Sunday, April 19, 2009

State of Play



State of Play comes with a plot so tailor-made for adoration from journalists that cynics everywhere will dismiss it as a cheap ploy to drum up praise. It’s a shame, because by all accounts it’s a solid thriller and a more-than-worthy entry into the tried and true newspaper genre. You know the one: intrepid reporters pursue the story no matter the personal danger, uncovering layers of corruption until justice is served.

Cal McAffrey sort of fits that bill. Played by a scruffy, pudgy Russell Crowe, he hardly fits the profile of the fresh-faced, idealistic journalist. No, he’s been around the block, and just about everyone with a lick of importance in D.C. is on a first-name basis. Those friendships give him an edge when an unknown assailant kills a drug addict and a witness, setting off the events of the film.

Soon after those killings, a senator’s aide falls (or is pushed…) off a subway platform in front of an oncoming train. The senator in question, Stephen Collins (Ben Affleck), receives the news and breaks down in the middle of a subcommittee hearing and admits he was having an affair with the young woman. Collins was Cal’s college roommate, and his wife Anne (Robin Wright Penn) had a fling with the reporter. It’s a testament to the film’s structure and writing that everyone in the room didn’t tune out there and then.

As Cal investigates whether the staffer killed herself or was murdered, he attempts to protect his old friend as much as possible. Soon he plunges deep into what he believes is a corporate conspiracy perpetuated by PointCorp, an obvious Blackwater stand-in that’s the subject of Collins’ hearings. Aiding the gruff reporter is Della Frye (Rachel McAdams), the paper’s lead blogger. This of course immediately casts the film as an old guard/new wave examination more than a mere thriller, but thankfully the writers keep things varied: Frye is certainly naïve but she knows how to get facts quickly, while McAffrey teaches her not to blow a big story by rushing individual threads of clues to the internet to claim firsties.

But Cal lets the relationships that give him an edge get in the way, and soon he’s playing cop instead of reporter. He and Frye tie threads together, but soon the roles of muckraker and ethical reporter switch: Cal begins to break the law to get the truth (or at least the truth he wants), while Della protests in vain. And hovering over them always is their editor, Cameron Lynne, played with conviction by Helen Mirren. The only real road bump is the ending, which plays out in the predictable fashion of giving us a twist, then throwing in an even bigger one just because.
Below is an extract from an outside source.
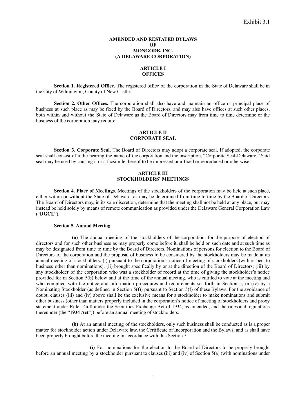 Exhibit 3.1 AMENDED AND RESTATED BYLAWS OF MONGODB, INC. (A DELAWARE CORPORATION) ARTICLE I OFFICES Section 1. Registered Office. The registered office of the corporation in the State of Delaware shall be in the City of Wilmington, County of New Castle. Section 2. Other Offices. The corporation shall also have and maintain an office or principal place of business at such place as may be fixed by the Board of Directors, and may also have offices at such other places, both within and without the State of Delaware as the Board of Directors may from time to time determine or the business of the corporation may require. ARTICLE II CORPORATE SEAL Section 3. Corporate Seal. The Board of Directors may adopt a corporate seal. If adopted, the corporate seal shall consist of a die bearing the name of the corporation and the inscription, “Corporate Seal-Delaware.” Said seal may be used by causing it or a facsimile thereof to be impressed or affixed or reproduced or otherwise. ARTICLE III STOCKHOLDERS’ MEETINGS Section 4. Place of Meetings. Meetings of the stockholders of the corporation may be held at such place, either within or without the State of Delaware, as may be determined from time to time by the Board of Directors. The Board of Directors may, in its sole discretion, determine that the meeting shall not be held at any place, but may instead be held solely by means of remote communication as provided under the Delaware General Corporation Law (“DGCL”). Section 5. Annual Meeting. (a) The annual meeting of the stockholders of the corporation, for the purpose of election of directors and for such other business as may properly come before it, shall be held on such date and at such time as may be designated from time to time by the Board of Directors. Nominations of persons for election to the Board of Directors of the corporation and the proposal of business to be considered by the stockholders may be made at an annual meeting of stockholders: (i) pursuant to the corporation’s notice of meeting of stockholders (with respect to business other than nominations); (ii) brought specifically by or at the direction of the Board of Directors; (iii) by any stockholder of the corporation who was a stockholder of record at the time of giving the stockholder’s notice provided for in Section 5(b) below and at the time of the annual meeting, who is entitled to vote at the meeting and who complied with the notice and information procedures and requirements set forth in Section 5; or (iv) by a Nominating Stockholder (as defined in Section 5(f)) pursuant to Section 5(f) of these Bylaws. For the avoidance of doubt, clauses (iii) and (iv) above shall be the exclusive means for a stockholder to make nominations and submit other business (other than matters properly included in the corporation’s notice of meeting of stockholders and proxy statement under Rule 14a-8 under the Securities Exchange Act of 1934, as amended, and the rules and regulations thereunder (the “1934 Act”)) before an annual meeting of stockholders. (b) At an annual meeting of the stockholders, only such business shall be conducted as is a proper matter for stockholder action under Delaware law, the Certificate of Incorporation and the Bylaws, and as shall have been properly brought before the meeting in accordance with this Section 5. (i) For nominations for the election to the Board of Directors to be properly brought before an annual meeting by a stockholder pursuant to clauses (iii) and (iv) of Section 5(a) (with nominations under 1

Thrillers tend to unfold by rote at this point, but State of Play threw me more than once. Some scenes reminded me strongly of the shadowy terror of All the President’s Men, the film about Woodward and Bernstein’s uncovering of the Watergate scandal: a late-game scene in which Cal runs through a parking garage attempting to hide from the killer behind the initial murders is genuinely pulse-pounding. And many of the reveals drew gasps and “oh’s” from the audience, which is always a good sign.

For a film that many people are calling potentially the last newspaper movie ever – it won’t be I can assure you – it mostly avoids proselytizing about the superiority of paper over blog. Well, there’s some cheap dismissal at the start, and a groanworthy moment at the end where Della tells Cal that their story is too important to be just thrown on the internet, but otherwise the film suggest a healthy co-habitation. I only wish they’d really stuck with that point at the end instead of suddenly making it all about the thriller.